From the author, The following poem was published in November 2006.
To the People of Iraq -- I'm Sorry
Your unending anguish breaks across my eyes,
Beats upon my ears, Searing its stamp of sadness on my soul
As I stand by and watch your proud world crumble.
Five thousand miles away, detached,
My world is orderly.
In cleanliness and comfort I drink the water,
Switch on the light,
Moving through my day with confidence.
While taut and alert you stand, sacrificed,
Wedged solidly between the vise of violence and victory.
Have I forgotten you?
No!

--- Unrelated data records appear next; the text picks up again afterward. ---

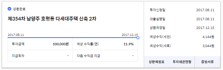 그래서 지금은 매달 나오는 수익금에 추가금을 보태서 10만원을 만든 후, 다시 재투자를 하고 있다. 현재 23건의 상품에 투자를 하고 있는데, 대부분 10만 원의 소액으로 분산 투자를 하고 있다. 이렇게 하면 상환 지연이 일어나도 부담이 적다는 장점이 있다. 그렇게 해서 18건의 상환을 무사히 마칠 수 있었다.
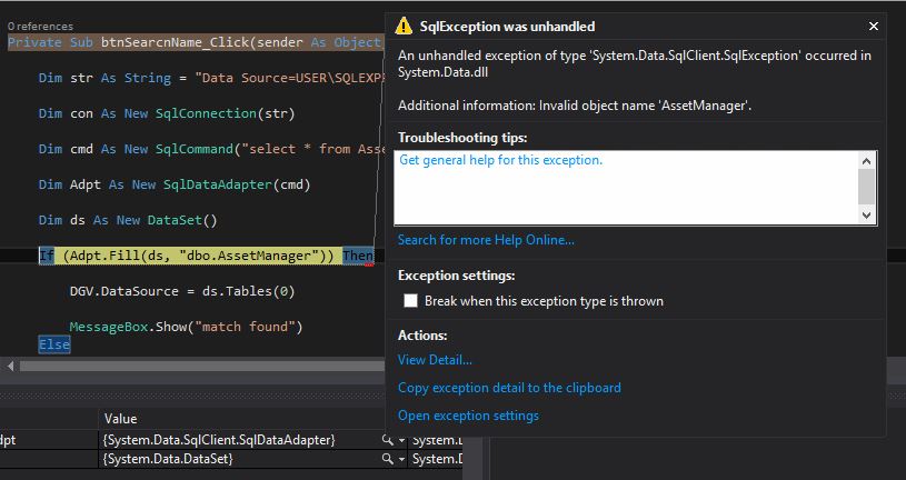 and that the error I get. Actually I have a search button the is supposed to enter name
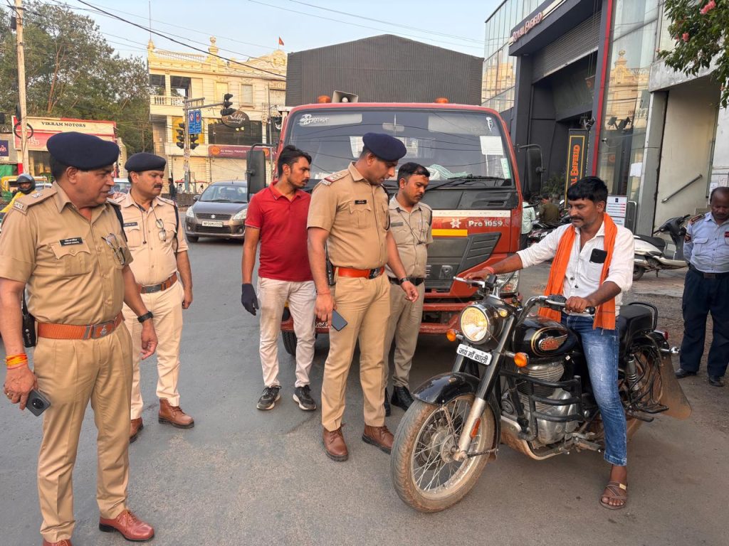 // यातायात पुलिस द्वारा काली फिल्म व मॉडिफाई साइलेंस , अमानक नंबर प्लेट लगाकर चलने वालों के विरुद्ध की चलानी एवं नगर निगम मदाखलत दस्ते के साथ मिलकर अवैध अतिक्रमण करने वालों के विरुद्ध की संयुक्त कार्यवाही कार्यवाही//
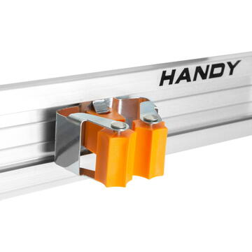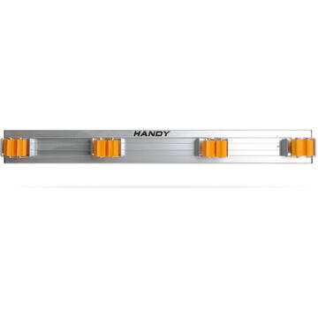 Soluția ideală pentru a economisi spațiu prețios în cămară. Pentru păstrarea obiectelor de uz casnic și a sculelor. Măturile, mopurile, și orice alte obiecte de uz casnic vor sta de acum într-un loc unde să nu încurce. Acest suport este o soluție elegantă pentru cămara ta.  Pe suport pot fi păstrate ustensilele de curățenie dar și alte scule necesare în casă. Suportul poate fi folosit atât la interior cât și la exterior. Beneficiază de locașuri pentru orice fel de ustensile cu diametrul mânerului între 1,5 cm și 3 cm.  Fixarea pe perete se face cu două șuruburi cu dibluri. Suporturile de scule pot fi glisate la stânga și la dreapta, datorită sistemului cu șină. Produsul este cauciucat la exterior pentru durabilitate și versatilitate. Calitate la un preț excepțional! Foarte ușor de instalat! Se fixează pe perete cu două șuruburi cu dibluri. Instalarea se face foarte ușor. Dimensiune 480 x 50 x 45 mm Dimensiunea de cuprindere 15 - 30 mm Culoare Gri Accesorii incluse Dibluri și șuruburi pentru prindere Material Aluminiu, cauciuc Masa 230 g
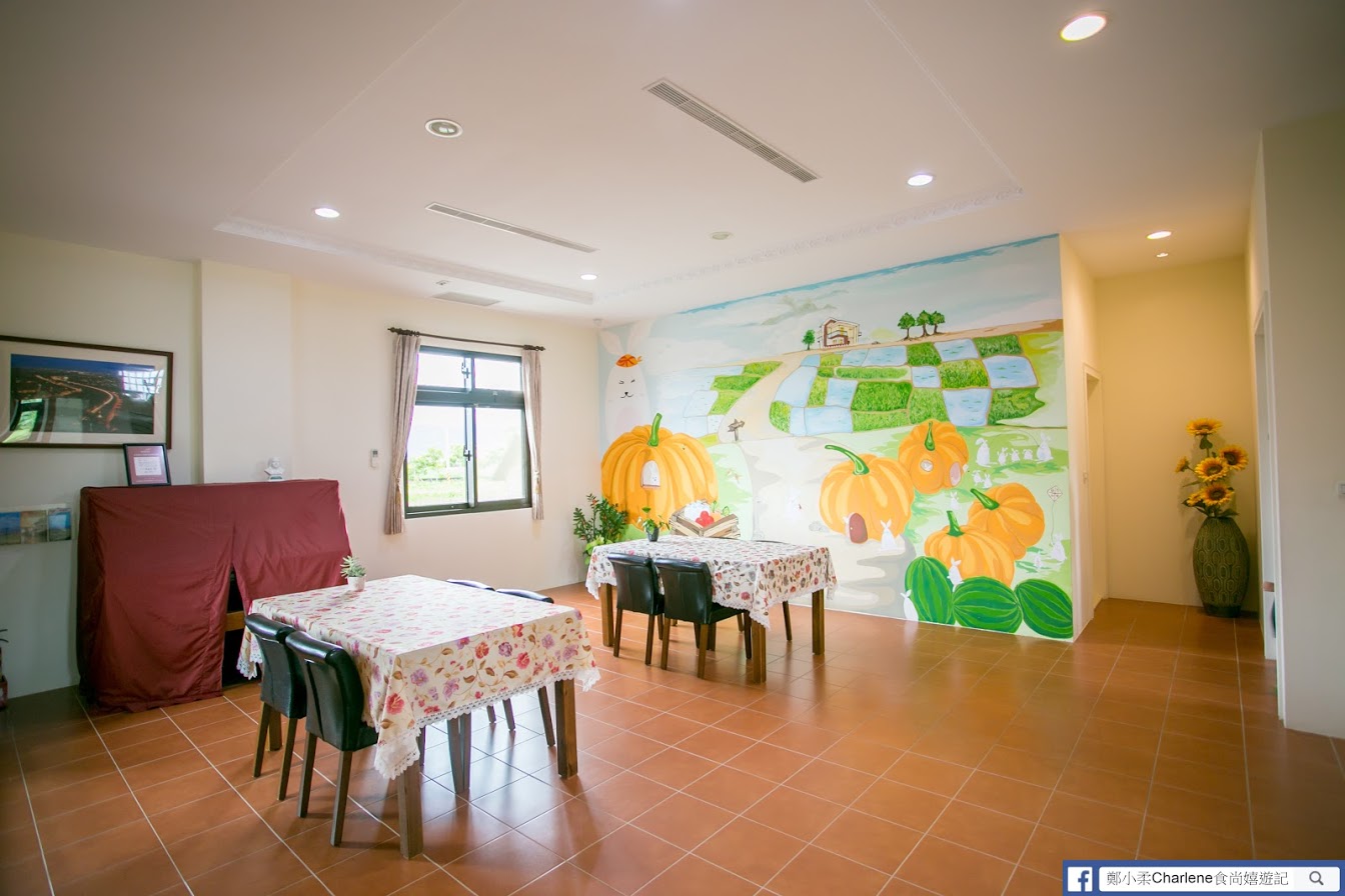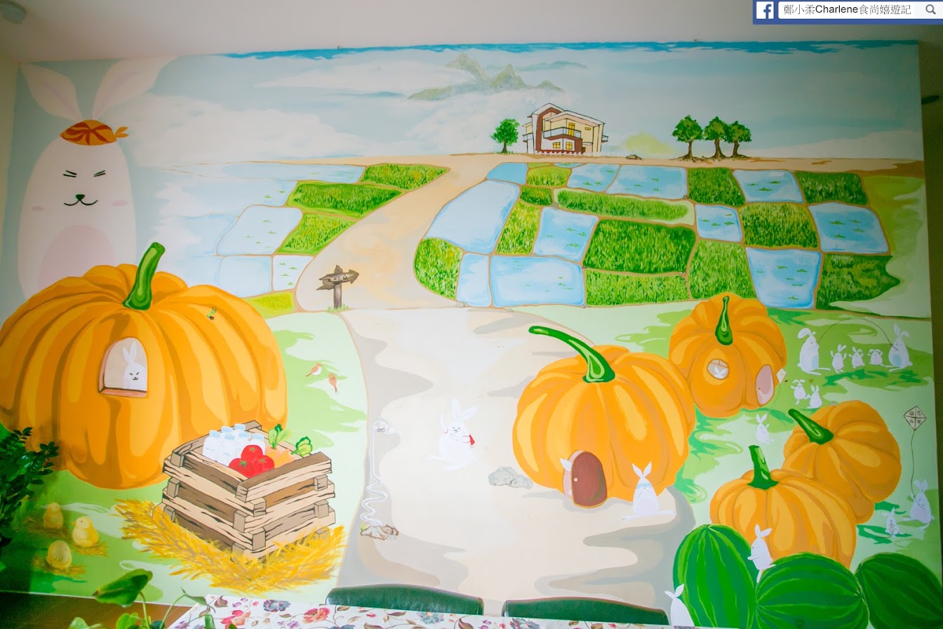 大片牆面上的圖畫,是田念的房客所繪,以南瓜、兔子、田園

NO!
I'm sorry,
I hear my voice whisper weakly through the darkness,
And to that sorry, I repeat louder,
I am sorry!
Today I saw your little girl -- Fragility,
All splashed with blood upon her dress,
Her shoes, and in her eyes bewilderment.
I'm sorry!
And now the sorrow builds, and I cry, louder --
It echoes back to me, and no one hears.
And what was started still moves on in madness, day by day.
Men, women, children fall, as innocent victims
Of the powerful Ares.
Blood flows more clear and clean than water,
Seeping its way through ancient soil,
Buried with shocked spirits
Who once looked up to us with hopeful eyes.
The web's self-installed spider,
finding no way out,
Gropes blindly for the exit.
What can we do
When sorrow's not enough?
Should I dip into the blood
Of our dead soldiers,
And write across the sky
For all the world to see,
I'm sorry for America's mistake, or
Should I have shouted louder, Stop this war!
Then speaking for Iraq's proud people,
You sadly tell me that apologies are as futile
As wisps of saffron flung like the wind
Across the heads of burdened lives, who'll walk
Forever grasping tiny rays of hope;
Devastated, desolate, ravaged, yet unafraid!